I will be in KL for a couple of days staying at the Swiss Garden Hotel. Does anyone know of a good Sri Lankan restaurant  in the city.

----------


## nidhogg

> I will be in KL for a couple of days staying at the Swiss Garden Hotel. Does anyone know of a good Sri Lankan restaurant  in the city.


type: KL restaurant "sri lankan" into google.  You will get several hits.

----------


## Happy Dave

> Originally Posted by Happy Dave
> 
> 
> I will be in KL for a couple of days staying at the Swiss Garden Hotel. Does anyone know of a good Sri Lankan restaurant  in the city.
> 
> 
> type: KL restaurant "sri lankan" into google.  You will get several hits.

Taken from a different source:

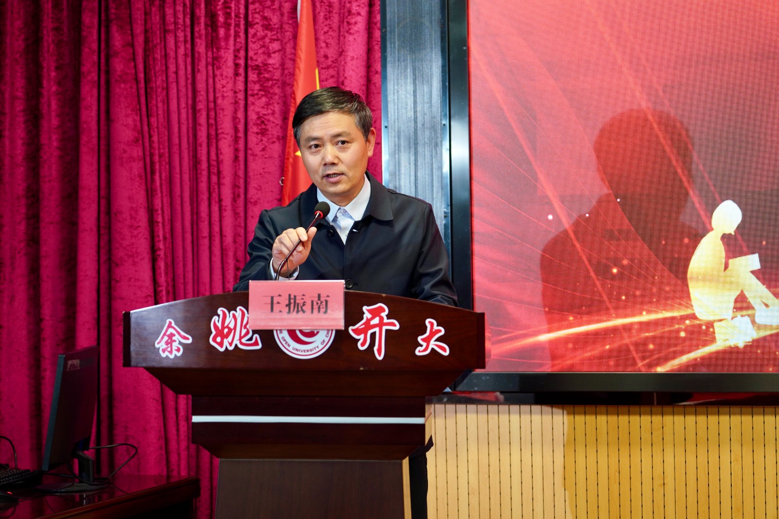 学院党总支副书记、副院长王振南代表学院向全体新生表示最热烈的欢迎,也向获得国家开放大学奖学金的优秀学员表示最诚挚的祝贺。他以2024年余姚市政府工作报告提出“更强力度推进共富先行,不断创造‘最名邑’美好生活”为切入点,向新学员简要介绍了国家开放大学发展历程、办学体系及功能;余姚学院的办学性质、格局及历年成果。他希望全体新学员在今后的学习中:1.树立终身学习意识,主动学习;2.树立时间管理意识,坚持学习;3.树立学以致用意识,自信学习。他鼓励学员通过学习遇见更美好的自己;通过奋斗创造更美好的生活。

Thanks mate , i have done this , but due to some 'not so good' reviews, i was wondering if anybody could recommend one, thought maybe a resident ex-pat stc.

----------


## Cold Pizza

> I will be in KL for a couple of days staying at the Swiss Garden Hotel. Does anyone know of a good Sri Lankan restaurant  in the city.


I don't but someone here on the board probably will.


We could wait for....Panama Hat to tell us.

 :rofl:  :rofl:  :rofl:

----------


## Happy Dave

> Originally Posted by Happy Dave
> 
> 
> I will be in KL for a couple of days staying at the Swiss Garden Hotel. Does anyone know of a good Sri Lankan restaurant  in the city.
> 
> 
> I don't but someone here on the board probably will.
> 
> 
> We could wait for....Panama Hat to tell us.


Just have to keep my eyes open here. I have until 15th July., so no rush !  Thanks.
Thing is, i lived in Sri Lanka for 3 years and miss their curry, its different to Indian.

----------


## hallelujah

> Originally Posted by Cold Pizza
> 
> 
> 
> 
> 
> 
> 
>  Originally Posted by Happy Dave
> ...


Restoran Yarl in Bickfields, which I've been to, or A Li Yaa in Damansara, which I haven't.

I know you're looking for Sri Lankan, but if you have time on your hands, take a taxi to Air Panas 
and get a banana leaf from the Indian stall opposite the girl's school. They only do them on Fridays, 
but they're the best in KL for me.

----------